Need recipes for Celtic party food

Oatcakes with haggis!

Seriously - that’s how I’ve served haggis as a finger food. I used Walker’s oatcakes, a spoonful or two of haggis on each oatcake, with a dab of mustard on top.

If you want to use oatcake as a sweet, just set them out with a pot of honey, to be spooned onto the oatcake. That’s a pretty traditional and simple way of serving them.

You could maybe try for some recipes from Nova Scotia and area (there’s some pretty good cookbooks out there, and a number of the things mentioned here I’ve seen in and made from my favourite cookbook!)

For sweets, my favourite is Cape Breton Pork Pies* (there is no pork in them, but small sweet sweet tarts… even sweeter than butter tarts and so very good. Mom makes them every year for Christmas…)

*That’s the same recipe we use, only we skip the sugar in the dates completely because the shells and the icing is more than enough. We also use butter icing, not maple.

Best way to eat oatcakes is just with butter, or a slice of cheese on top. At least that’s how we always at them at Nana’s. Yum!

You know, I’m reminded of that original-cast SNL sketch where the guest-host – I think it was Jeff Goldblum – takes his girlfriend to a Scottish restaurant in Manhattan. “We eat French . . . we eat Chinese . . . we never eat Scottish!” But when they hear the menu, the only thing that doesn’t totally disgust them is oatcakes.

And a later SNL sketch, with Mike Meyers and Kyle Machlachan, father and son running the “Everything Scottish” store in the shopping mall.

MACLACHLAN: Haggis! Blood pudding! It’s like all Scottish cuisine is based on a dare!

mmm - blood pudding - mmmm.

that wouldn’t be a bad finger food. And if you could get its Irish cousin, white sausage, you could have both on the same tray.

Crepes. They’re the national food of Brittany, and you can pretty much put anything in them.

:smiley: Good one!!

Mussels. Bivalve shellfish in general.

No idea if they’re common in Ireland or Scotland, but Galicia is renowned for them.

Very common off the west coast. A lot of it ends up in Spain.

Here’s a previous thread that I’ve saved with a few ideas.

Cockles and mussels (alive, alive oh).

Salmon. Either good quality smoked stuff, if you can lay your hands on it, or just bake whole fillets and serve it cold along with nice chunky bread.

Little pancakes, drop scones or sweet, oaty crackers, topped with a little dollop of cranachan, with a fresh raspberry or two on top. You could put blueberry compote on some of them (blueberries aren’t authentic for that region, but they’re close enough to bilberries - especially in a compote - that nobody will know the difference).

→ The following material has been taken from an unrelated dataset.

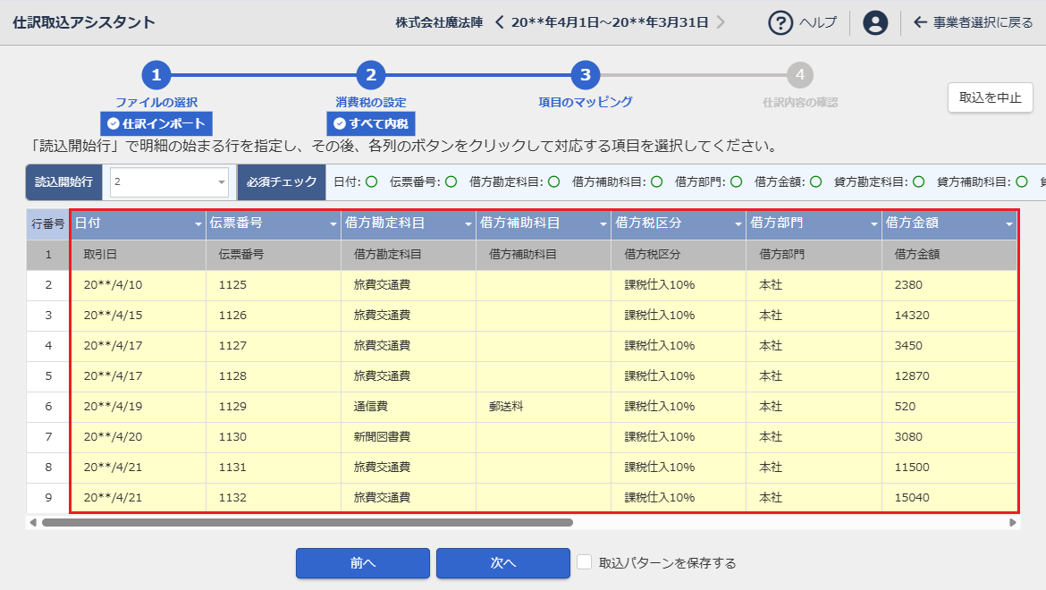 CSVファイルの内容が表示されるので、各列に対応する仕訳項目を指定する

Smoked salmon or a good Irish/Welsh blue cheese on Irish Soda bread, served in bite sized pieces.

Champ is yummy- mashed potatoes mixed with chopped scallions and lots of butter. Colcannon is mashed potatoes with cabbage and bacon pieces stirred through it.

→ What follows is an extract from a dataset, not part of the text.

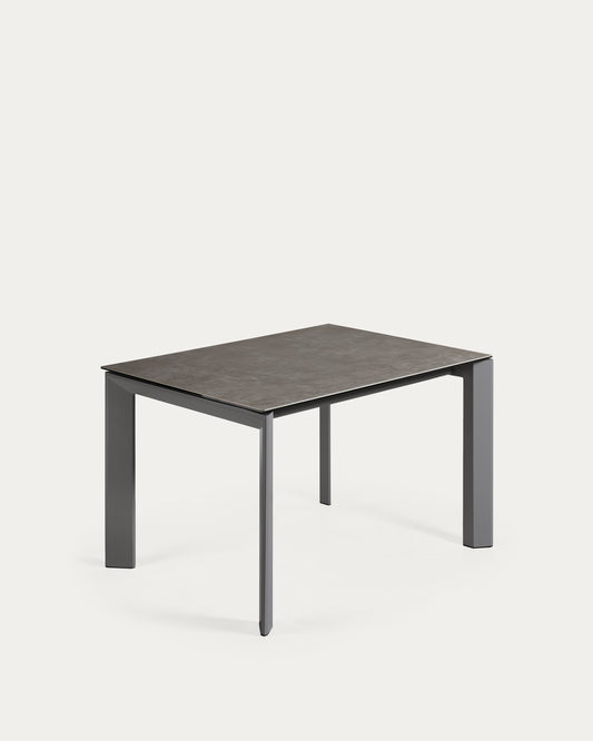 Table extensible Axis grès cérame finition Vulcano Cendrée pieds acier gris 120(180)cm

Irish stew- made with lamb, potatoes, carrots and onions, very simple, could be served in ramekins with soda bread.

Can you get Tayto cheese and onion crisps?

There is an Irish version of a latke- Boxty maybe you could try something like that?

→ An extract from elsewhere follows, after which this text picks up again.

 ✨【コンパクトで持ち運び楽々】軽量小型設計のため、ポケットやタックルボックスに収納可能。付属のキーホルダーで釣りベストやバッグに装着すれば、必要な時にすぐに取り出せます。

For something sweet, you could try making a barm brack or tea bread…it’s a sort of cross between fruit cake and bread, served with butter. It’s very good.

I’m sure the OP would have been happy to have bought Tayto back in 2006 when this thread was started!

Wonder how the party went anyway.

While these are all grand ideas for the party, I’m going to nominate **Braaaaaaaaaaaaaaaaains! ** It is a zombie thread after all. :stuck_out_tongue:

Holy crap! I think this is a first for me. I mean, I’ve pulled some boneheaded stunts before, but posting a link to an old thread in that very same old thread…

I feel shame.

There there. Drink your Guinness and you’ll feel better. :wink:

Now, listen, pal - I take no grief about Haggis from anyone who has ever eaten a hot dog and liked it! :slight_smile: At least the Scots version was organic…

Haggis Biryani is a lovely South Asian variation on Scots cuisine…

Here’s a thread where someone did exactly the same thing.

Haggis isn’t bad. It’s not the nasty bits that worry me, but some chili peppers would help quite a bit, IMHO.

Thanks jjim, the dork in that thread makes me feel a little better.